_DIRECTIONS_
Where a picture appears, leave it out, and transcribe all the lines below exactly.

_DATA EXTRACT_
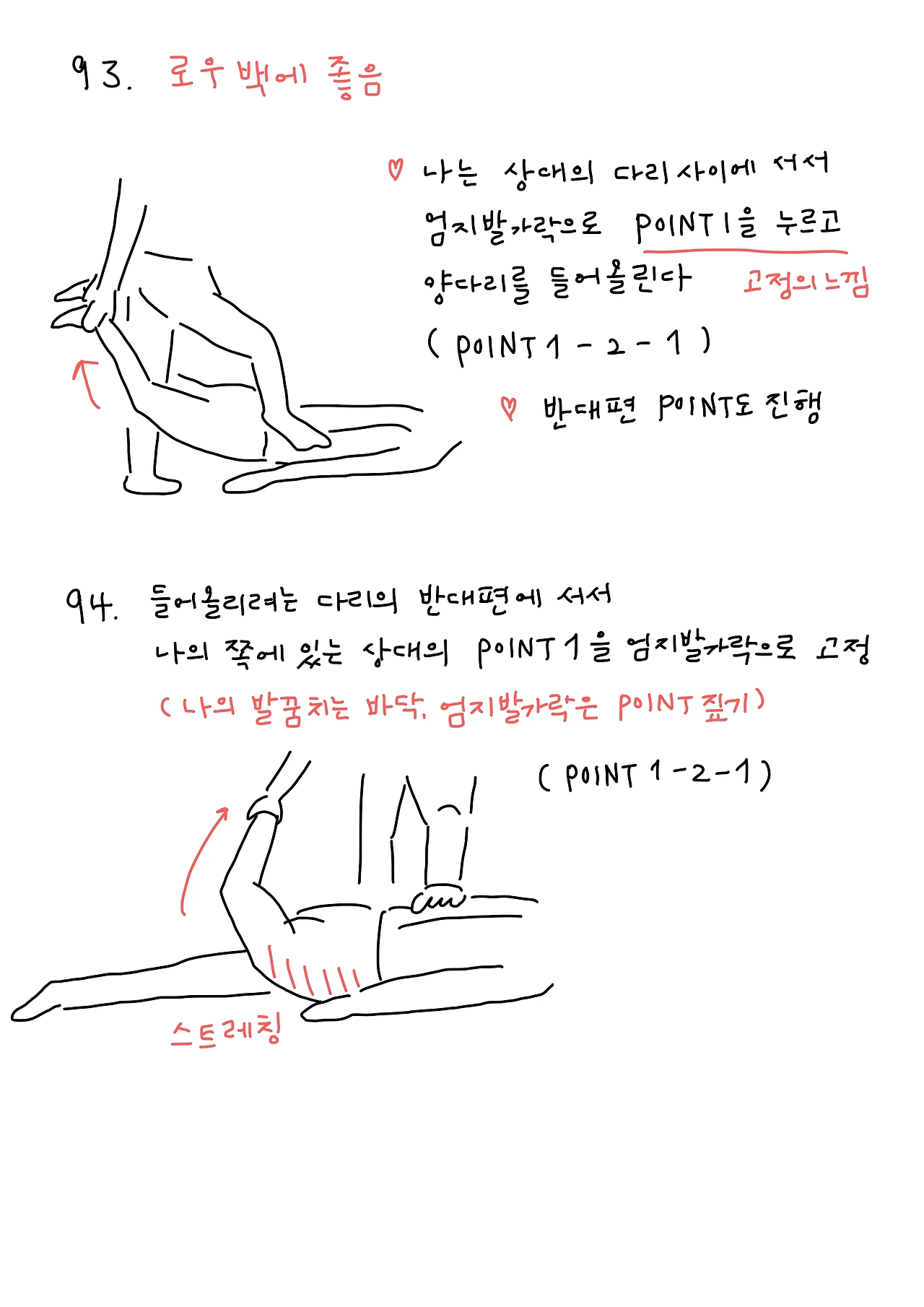 다음은 상대의 다리 사이에 서서 엄지발가락으로 상대의 포인트 1을 누르고 양다리를 들어 올린다. 1-2-1
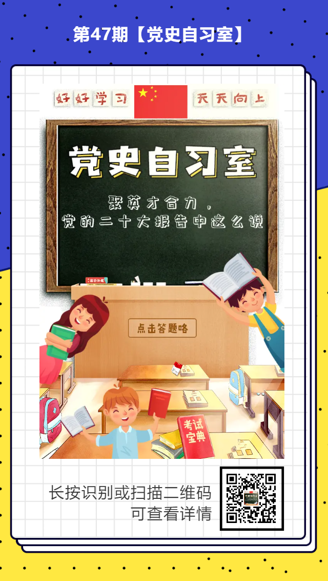 第四十七期【黨史自習(xí)室】 聚英才合力,黨的二十大報告中這么說
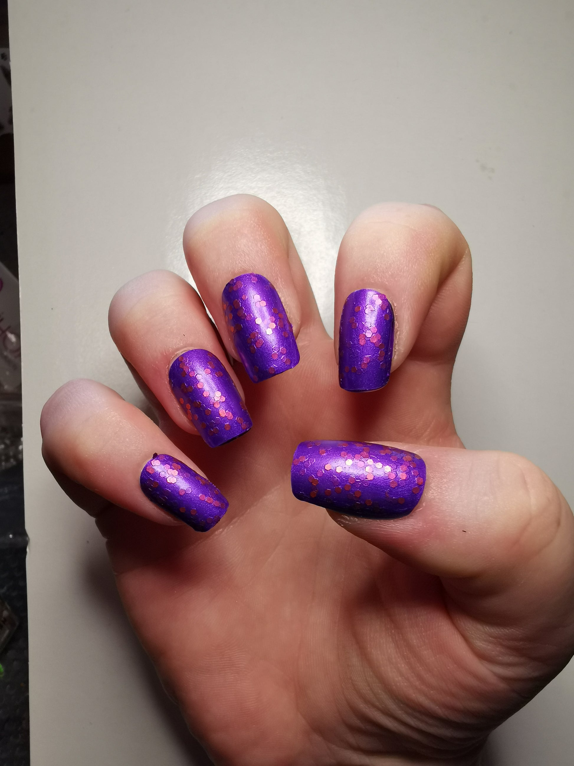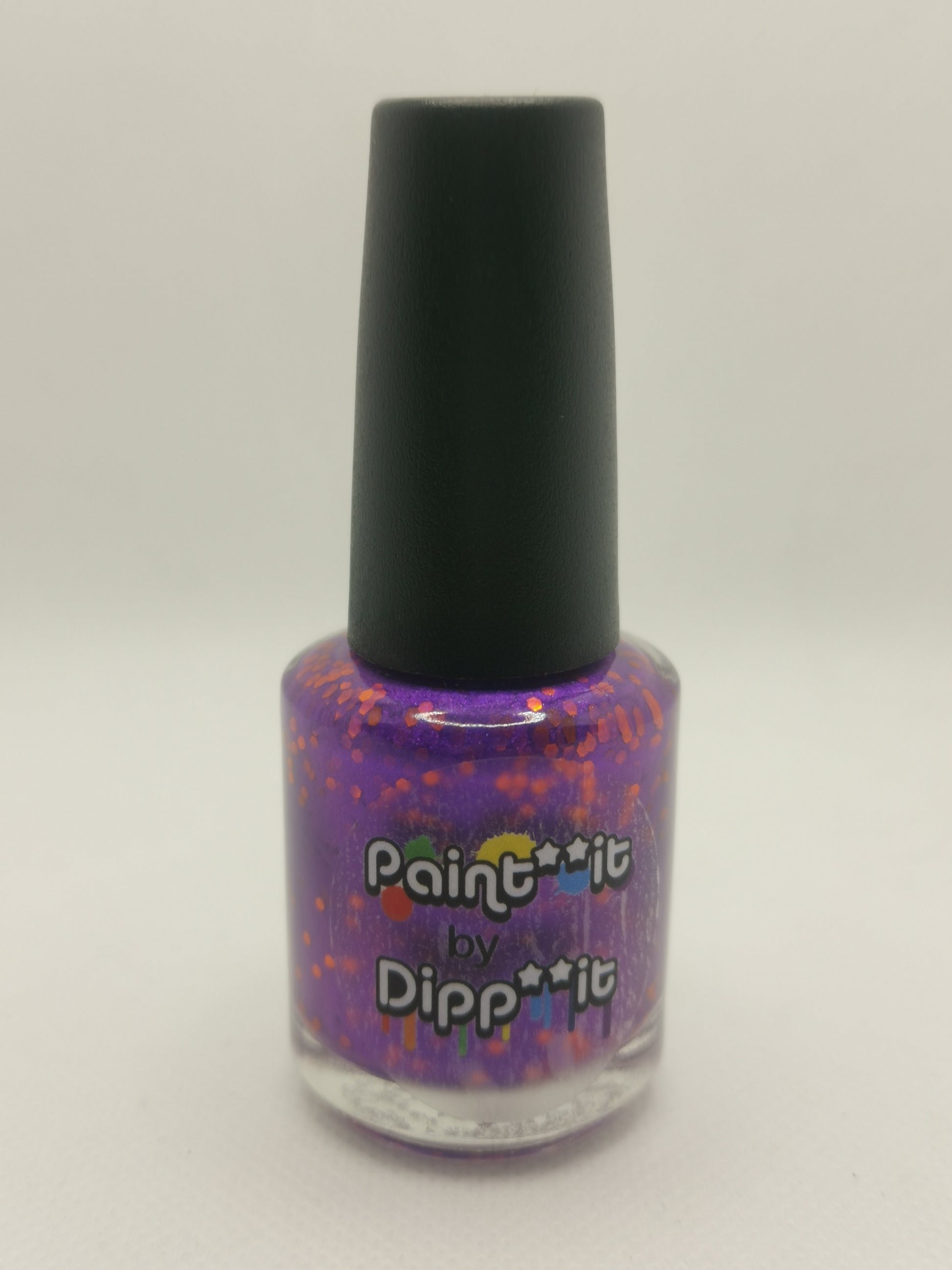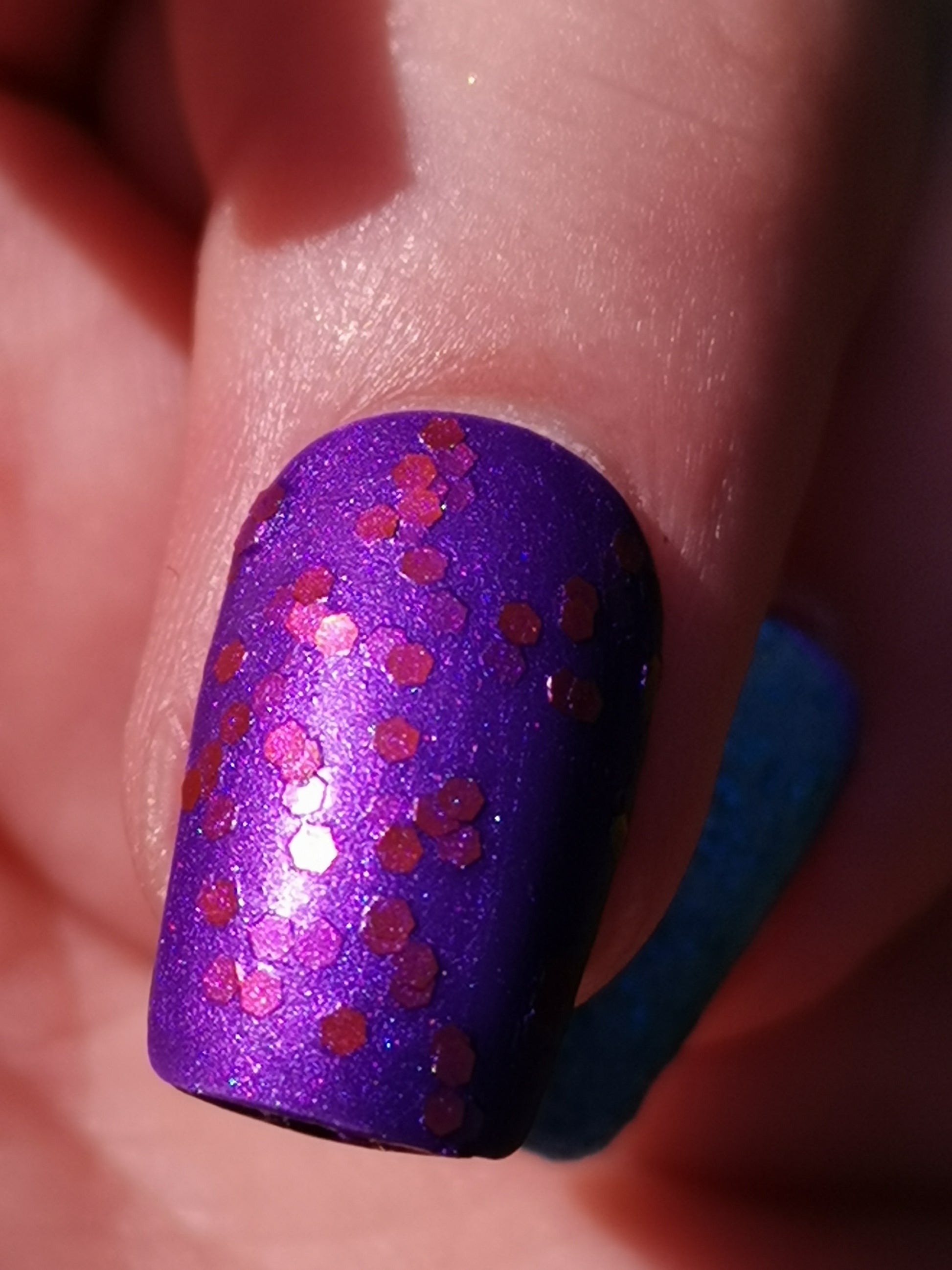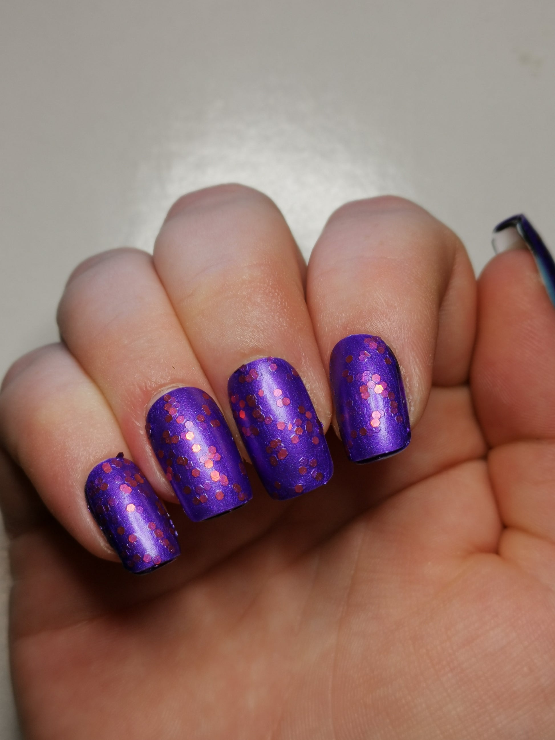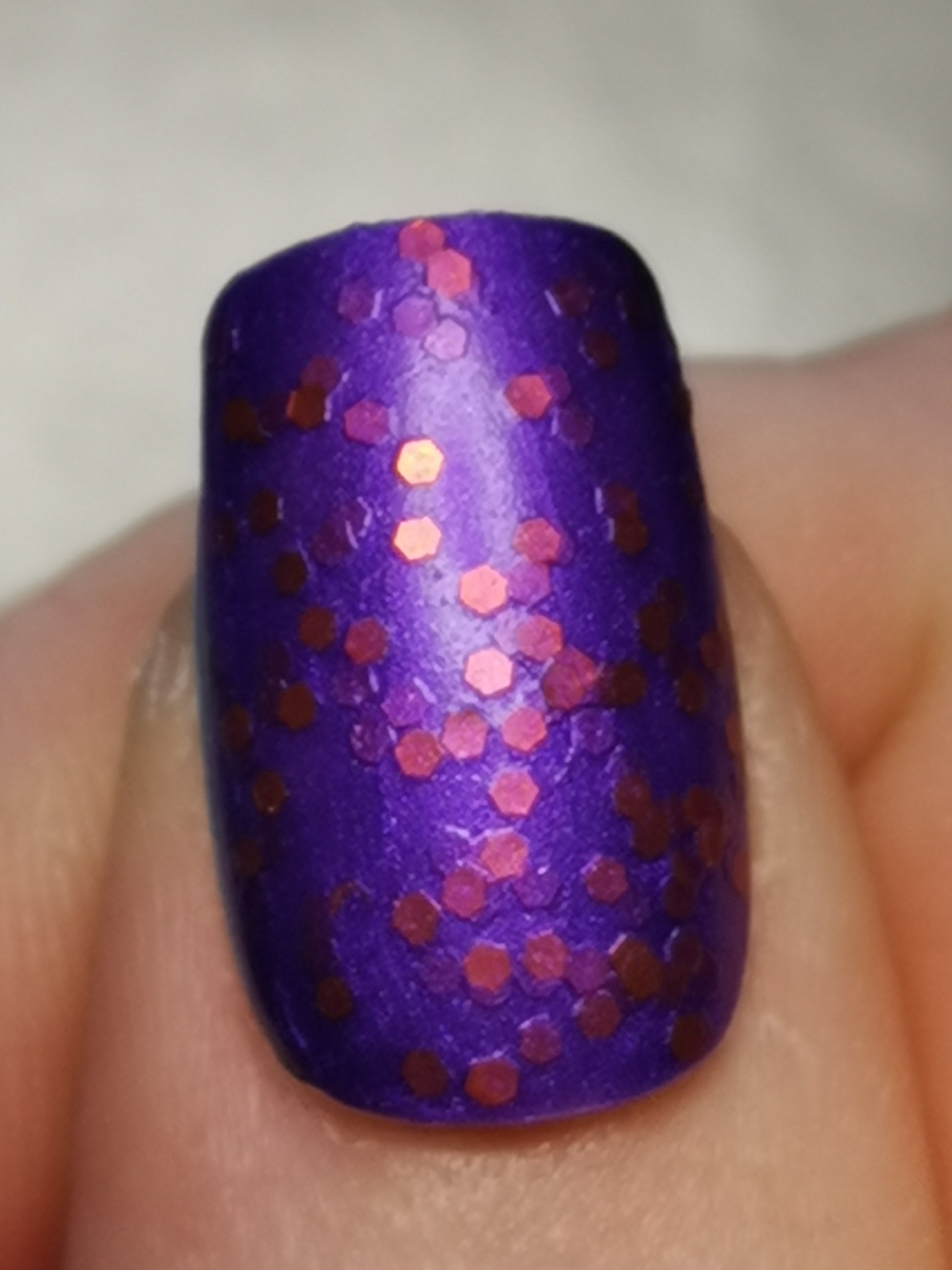 Barbara Bat is inspired by Batgirl and is a satiny purple polish filled with shiny orange hex glitter.

_RESPONSE BOX_
 다음은 상대의 다리 사이에 서서 엄지발가락으로 상대의 포인트 1을 누르고 양다리를 들어 올린다. 1-2-1
 第四十七期【黨史自習(xí)室】 聚英才合力,黨的二十大報告中這么說
 Barbara Bat is inspired by Batgirl and is a satiny purple polish filled with shiny orange hex glitter.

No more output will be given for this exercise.